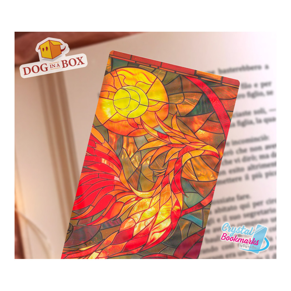 Phönix Lesezeichen Nr. 2 – Handgemachtes transparentes Lesezeichen | Kristall, Buntglas Effekt | Fantasie Lesezeichen
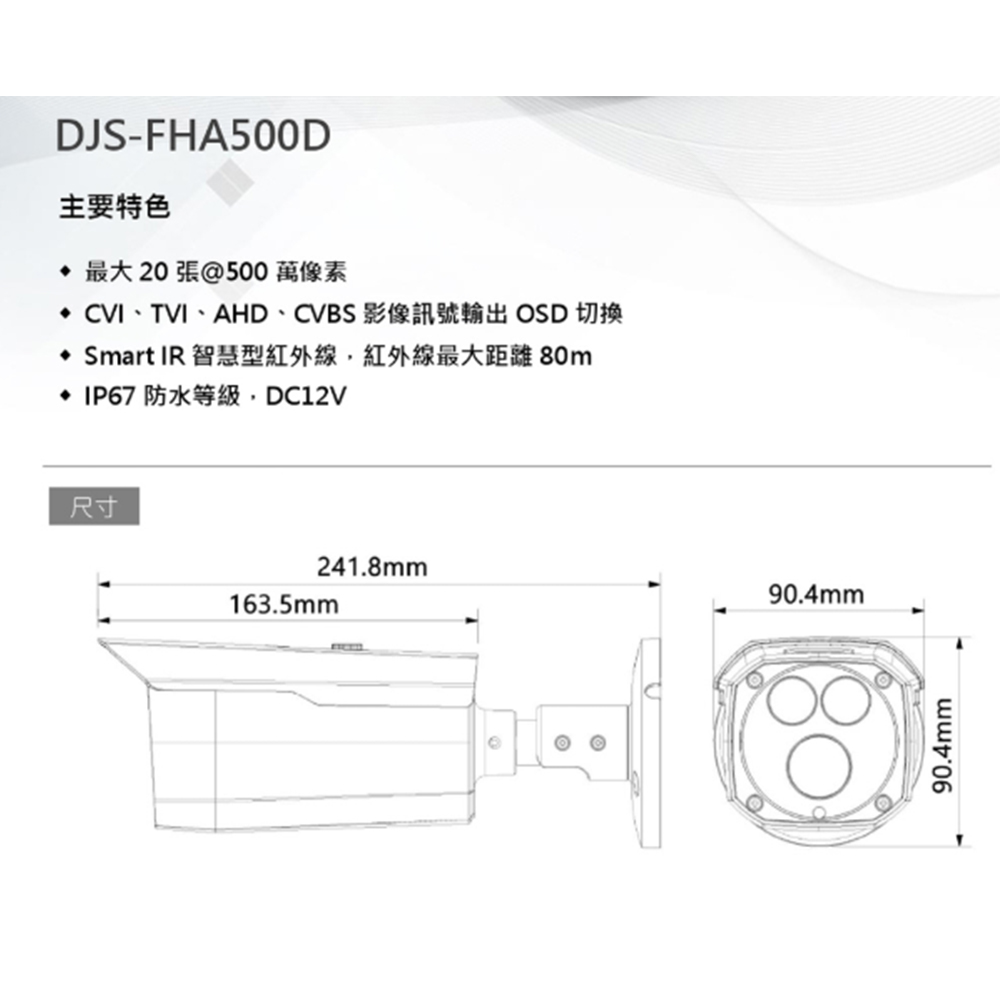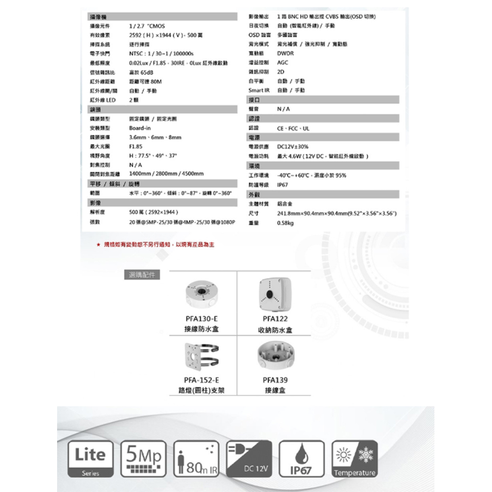 -紅外線最大距離 80 米,智慧型紅外線
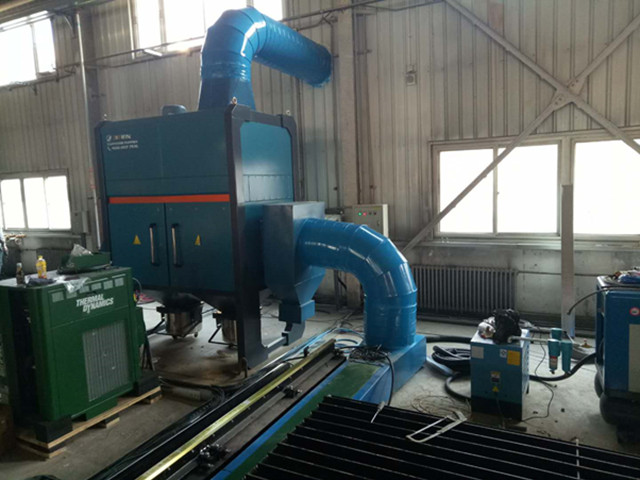 下吸式煙塵凈化系統抽風是通過下吸式抽風切割臺來實現的,下吸式抽風切割臺分成若干個區域,每個區域設計有風門吸風,切割槍頭在每個區域切割時,相應區域的風門打開抽風,將切割機的粉塵吸除。
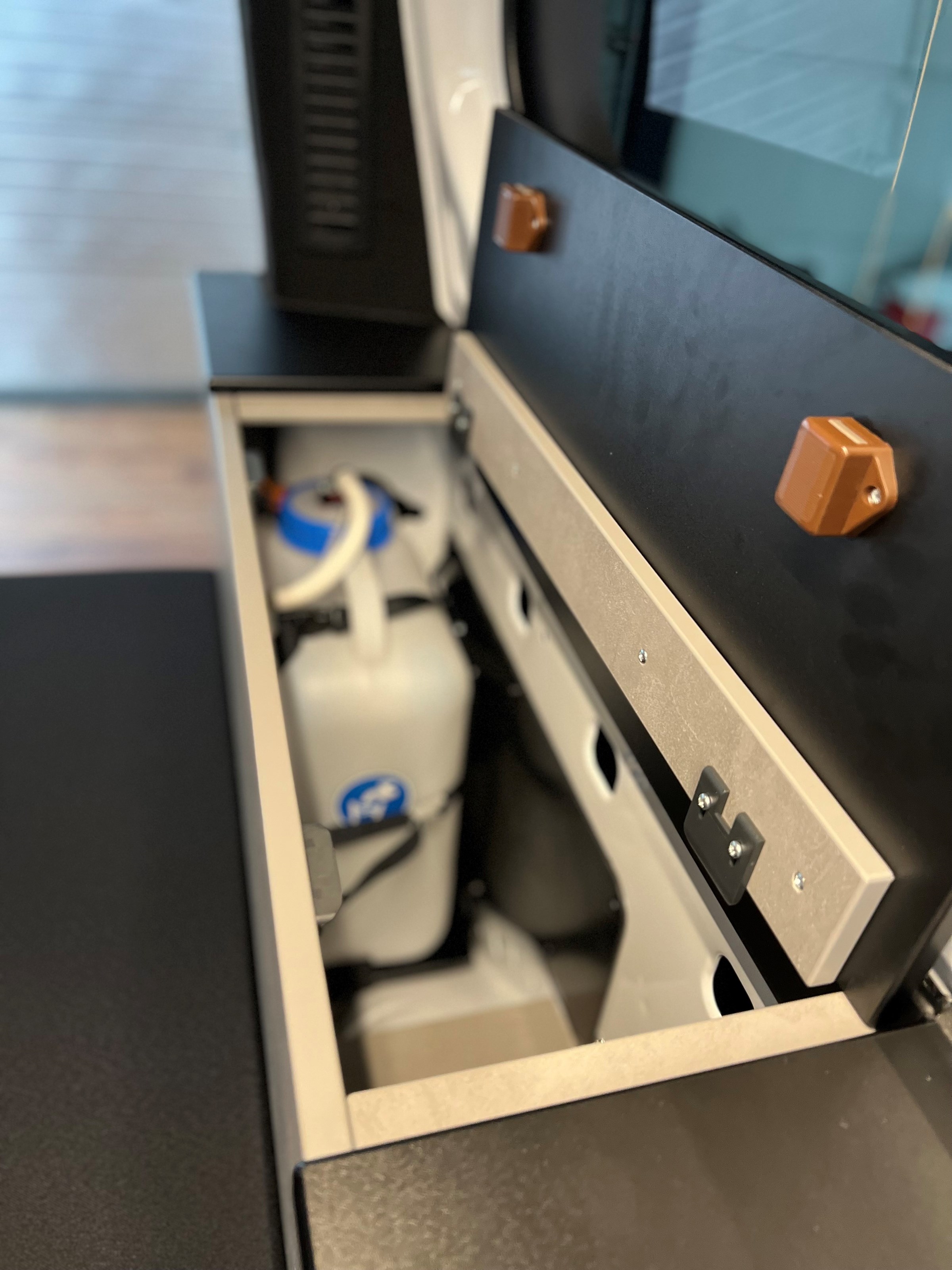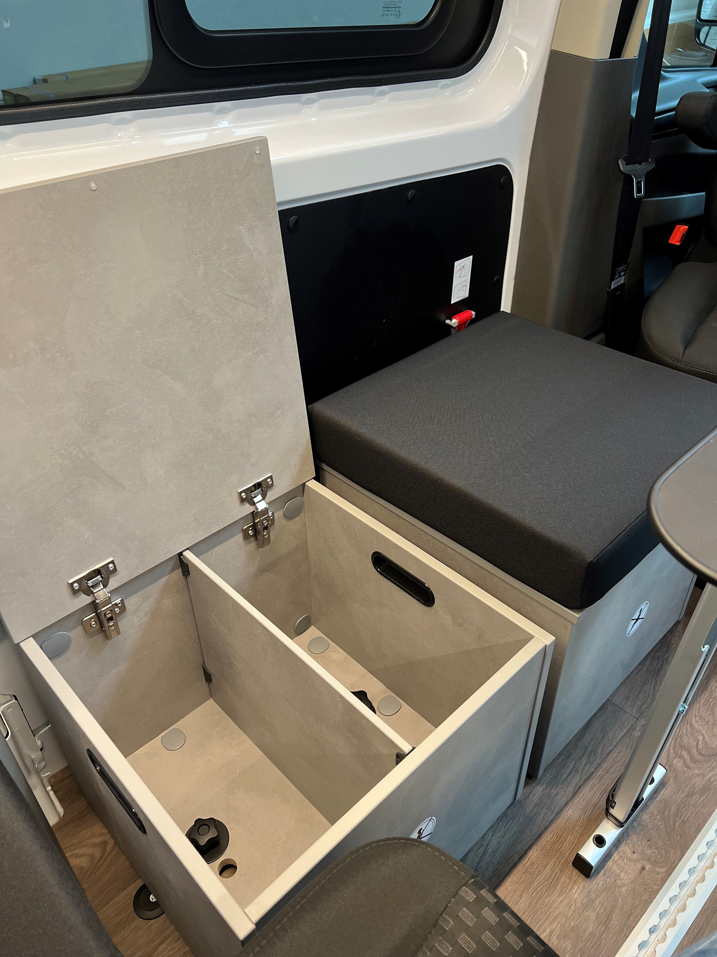 - Comfortabele draaistoelen voor bestuurder en passagier met stoffen bekleding, armleuning en rugondersteuning

_TASK DIRECTIONS:_ Your task is to repeat exactly the lines from the beginning of the data to the line that contains "下吸式煙塵凈化系統抽風是通過", both ends included, leaving out pictures.

_TASK ANSWER:_
 Phönix Lesezeichen Nr. 2 – Handgemachtes transparentes Lesezeichen | Kristall, Buntglas Effekt | Fantasie Lesezeichen
 -紅外線最大距離 80 米,智慧型紅外線
 下吸式煙塵凈化系統抽風是通過下吸式抽風切割臺來實現的,下吸式抽風切割臺分成若干個區域,每個區域設計有風門吸風,切割槍頭在每個區域切割時,相應區域的風門打開抽風,將切割機的粉塵吸除。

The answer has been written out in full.